Interview Questions: Performance & Scaling

Performance and scaling questions separate engineers who can ship a prototype from those who can run Node.js in production. Interviewers want to know whether you understand why a single-threaded runtime can stall, when to reach for clustering versus worker threads, and how to grow a service from one box to many. The answers below target modern Node.js 20/22 LTS and favor built-in tooling over external dependencies.

Blocking the event loop

Q: What does “blocking the event loop” mean, and how do you detect it?

Your JavaScript runs on one thread, so any synchronous work that takes a long time—a tight loop, a giant JSON.parse, synchronous crypto—stops the event loop from processing other callbacks. While the loop is blocked, every other in-flight request waits, and throughput collapses even though CPU sits mostly idle. The rule of thumb is that no single tick should hold the thread for more than a few milliseconds.
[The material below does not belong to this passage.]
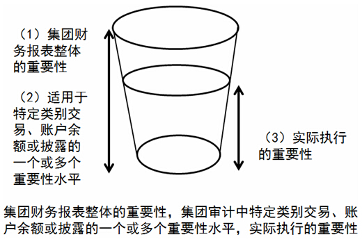 【知識點拓展】在集團財務報表審計中,注冊會計師在計劃集團審計工作時應當確定基于“集團財務報表整體的重要性”,如“杯子”的左側(cè)(1)所示:
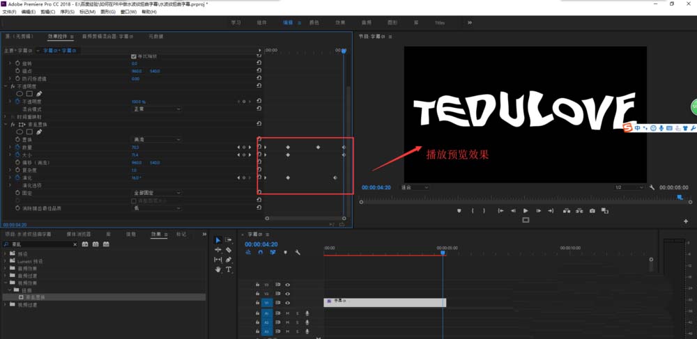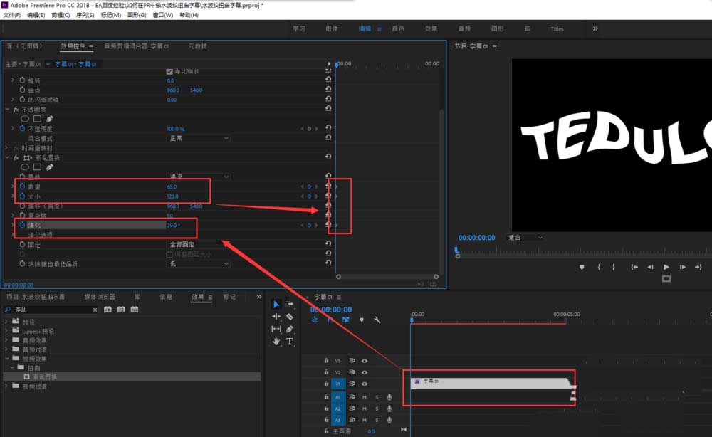6、选中字幕,打开效果控件窗口,在效果控件窗口中找到“紊乱置换”效果,调整数量、大小与演化的数值,并打入关键帧,然后每移动时间轴一段距离,就随机更改这三个选项的参数值。最后播放预览效果,一个动态的水波纹扭曲字幕就做好了。

import { createServer } from "node:http";

createServer((req, res) => {
  if (req.url === "/blocking") {
    // Synchronous CPU work freezes ALL connections
    let sum = 0;
    for (let i = 0; i < 5e9; i++) sum += i;
    res.end(`sum=${sum}`);
  } else {
    res.end("fast path\n");
  }
}).listen(3000);

While /blocking runs, a request to the fast path also hangs. Detect this with the built-in perf_hooks event-loop delay monitor:

import { monitorEventLoopDelay } from "node:perf_hooks";

const h = monitorEventLoopDelay({ resolution: 20 });
h.enable();

setInterval(() => {
  console.log(`loop lag p99: ${(h.percentile(99) / 1e6).toFixed(1)} ms`);
}, 1000);

Output:

loop lag p99: 1.2 ms
loop lag p99: 1380.5 ms

A healthy loop delay is sub-millisecond. Sustained tens of milliseconds means user-facing latency; hundreds of milliseconds means an outage in progress.

Cluster vs worker threads

Q: When do you use the cluster module versus worker threads?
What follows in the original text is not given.